* _Exercise description_: Everything in the listing below should be repeated exactly, apart from the pictures.

* _Input data_:
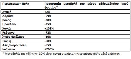 Οι καθαρά πτωτικές τάσεις κυμάνθηκαν από -55% στην Αλεξανδρούπολη έως -72% στο Ρέθυμνο, ενώ οριακές ήταν οι μειώσεις στο Βόλο (-28%) και στο Ηράκλειο (-25%). Σταθερό παρέμεινε ουσιαστικά το ιικό φορτίο στον Άγιο Νικόλαο (-10%) και στην Περιφέρεια Αττικής (+2%).
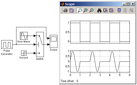 На рис. 9.5.8 показан пример работы блока Switch. В том случае, когда сигнал на управляющем входе ключа равен 1, на выход блока проходит гармонический сигнал, если же управляющий сигнал равен нулю, то на выход проходит сигнал нулевого уровня от блока Ground. Пороговое значение управляющего сигнала задано равным 0.5.
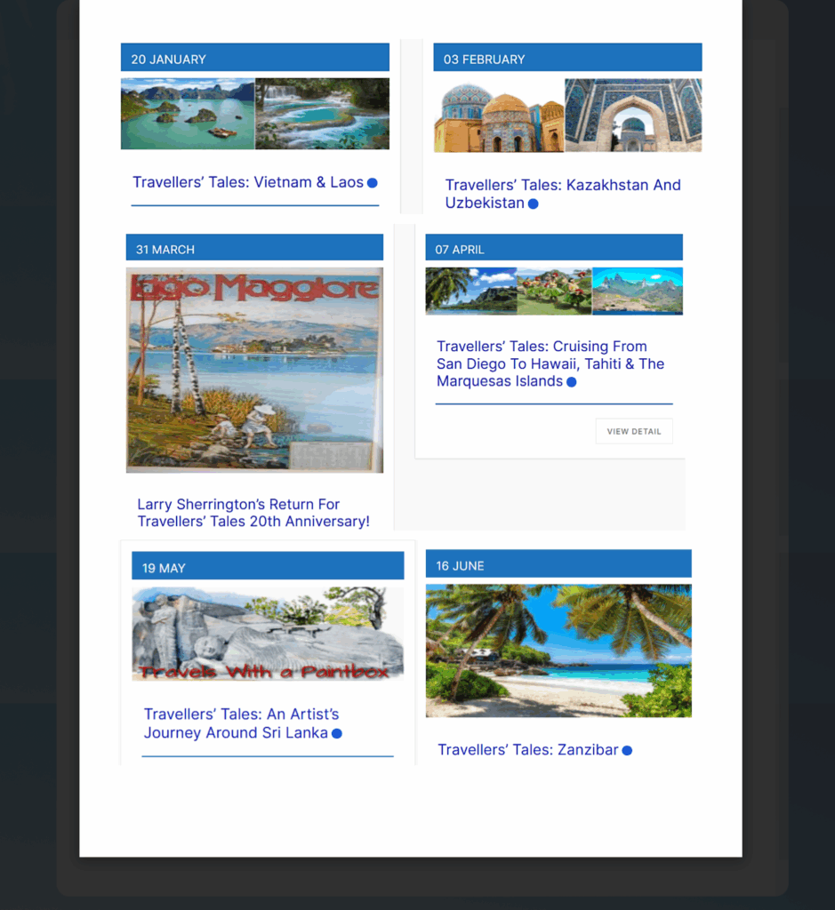 Below you will see the Travellers Tales programme for January – June 2026. I am delighted to say that Larry Sherrington, who gave the first presentation to the group in March 2006, will be returning to give another presentation for the 20th Anniversary Celebration of Travellers Tales in March 2026! We will be celebrating with Cava & Cake!

* _Answer for the task_:
 Οι καθαρά πτωτικές τάσεις κυμάνθηκαν από -55% στην Αλεξανδρούπολη έως -72% στο Ρέθυμνο, ενώ οριακές ήταν οι μειώσεις στο Βόλο (-28%) και στο Ηράκλειο (-25%). Σταθερό παρέμεινε ουσιαστικά το ιικό φορτίο στον Άγιο Νικόλαο (-10%) και στην Περιφέρεια Αττικής (+2%).
 На рис. 9.5.8 показан пример работы блока Switch. В том случае, когда сигнал на управляющем входе ключа равен 1, на выход блока проходит гармонический сигнал, если же управляющий сигнал равен нулю, то на выход проходит сигнал нулевого уровня от блока Ground. Пороговое значение управляющего сигнала задано равным 0.5.
 Below you will see the Travellers Tales programme for January – June 2026. I am delighted to say that Larry Sherrington, who gave the first presentation to the group in March 2006, will be returning to give another presentation for the 20th Anniversary Celebration of Travellers Tales in March 2026! We will be celebrating with Cava & Cake!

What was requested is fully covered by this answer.